Enterprise PDF SDK — render, extract, annotate, sign, and validate PDFs. Pure Rust, zero system dependencies.
Project description
pdfluent
Enterprise PDF SDK for Python — built on a pure-Rust stack, zero system dependencies.
Render pages, extract text, fill forms, annotate, redact, encrypt, merge, and validate PDF/A — all from a single pip install.
Installation
pip install pdfluent
# Optional extras
pip install pdfluent[pillow] # PIL Image support
pip install pdfluent[numpy] # NumPy array support
Requires Python ≥ 3.8. Pre-built wheels for Linux (x86_64, aarch64), macOS (x86_64, arm64), and Windows (x86_64).
Quick Start
from pdfluent import Document
# Open, inspect, render
with Document("invoice.pdf") as doc:
print(f"{doc.page_count} pages — {doc.metadata.title}")
img = doc[0].render(dpi=150)
img.save("page_0.png") # requires Pillow
# Extract text
doc = Document("report.pdf")
for page in doc:
print(page.extract_text())
# Fill a form field and save
doc = Document("form.pdf")
doc.set_form_field("Name", "Jane Doe")
doc.save("form_filled.pdf")
# Search-and-redact
doc = Document("contract.pdf")
report = doc.redact_text("Confidential")
print(f"Redacted {report.areas_redacted} areas on {report.pages_affected} pages")

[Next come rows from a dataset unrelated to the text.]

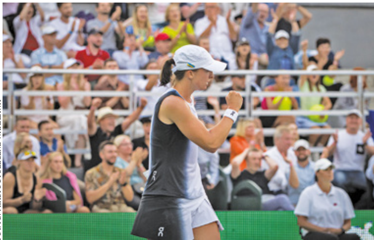
Iga Świątek wygrała BNP Paribas Warsaw Open
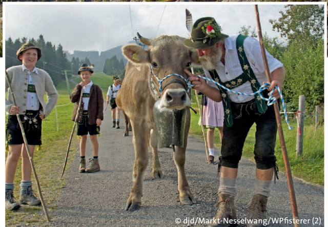
Zum Vihscheid treiben die Hirten bei der Alpspitzbahn ihre geschmückten Tiere ins Tal.

Die Alpspitzbahn fährt bis zum 3. November auf 1500 Meter hinauf und punktet bei Familien auch mit ihren actionreichen Bergerlebnissen. Zu der rasanten Rodelbahn und der schnellsten Zipline Deutschlands kommt in dieser Saison noch eine neue Attraktion hinzu: „Alpspitz-SPLASH“ ist weltweit der erste schwim-
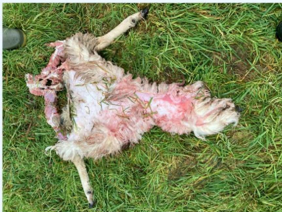
overblijfsel_achterpoten en huid.JPG
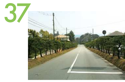
離宮道 須磨離宮公園の正門から南へ下る離宮道の眺望景観で、松並木の個性的な街路樹や石垣、塀などが海への視線を強く誘導している。
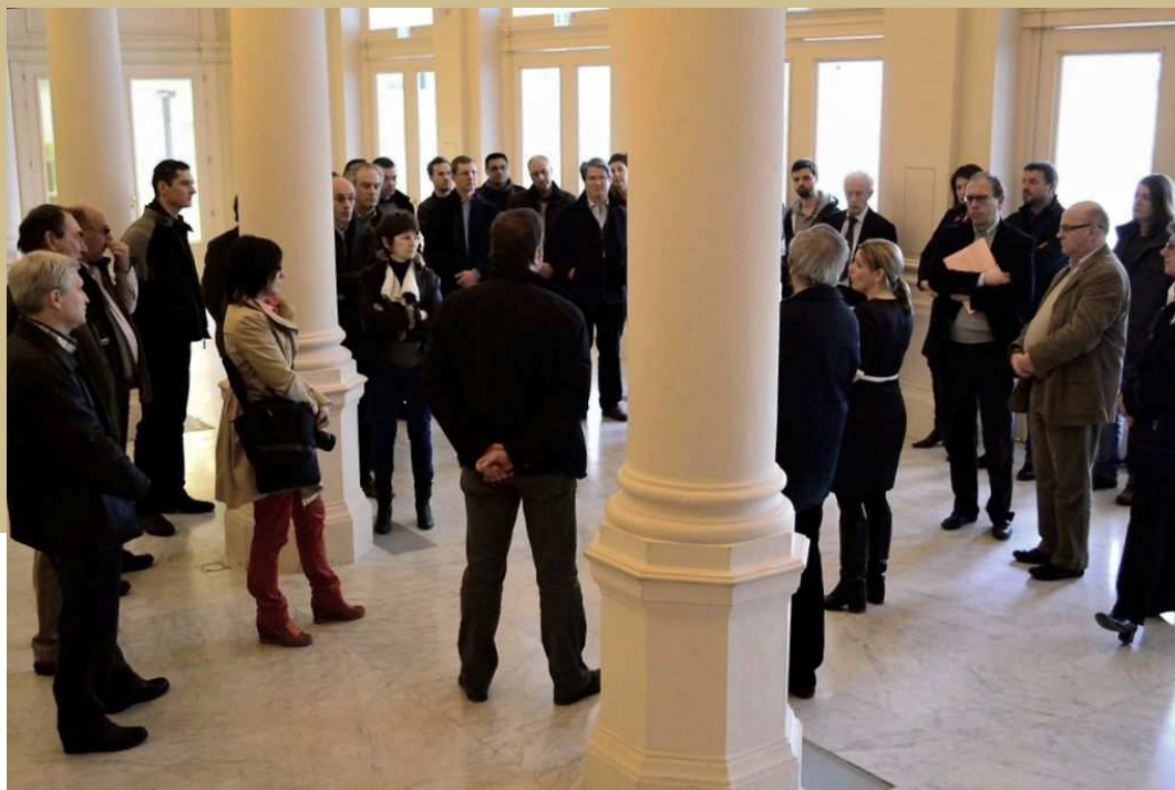
Réunion dans le hall de l'Opéra Royal de Wallonie, une importante délégation de l'ARALg s'apprête à visiter le théâtre rénové.

doc.save("contract_redacted.pdf")
# PDF/A validation
from pdfluent import validate_pdfa
report = validate_pdfa("archive.pdf")
if report.is_compliant:
print(f"✓ {report.pdfa_level} compliant")
else:
for issue in report.issues:
print(f"[{issue.severity}] {issue.rule}: {issue.message}")
# Merge PDFs
from pdfluent import merge_pdfs
merge_pdfs(["a.pdf", "b.pdf", "c.pdf"], "merged.pdf")
# Encrypt / decrypt
doc = Document("sensitive.pdf")
doc.encrypt("sensitive_enc.pdf", password="s3cr3t")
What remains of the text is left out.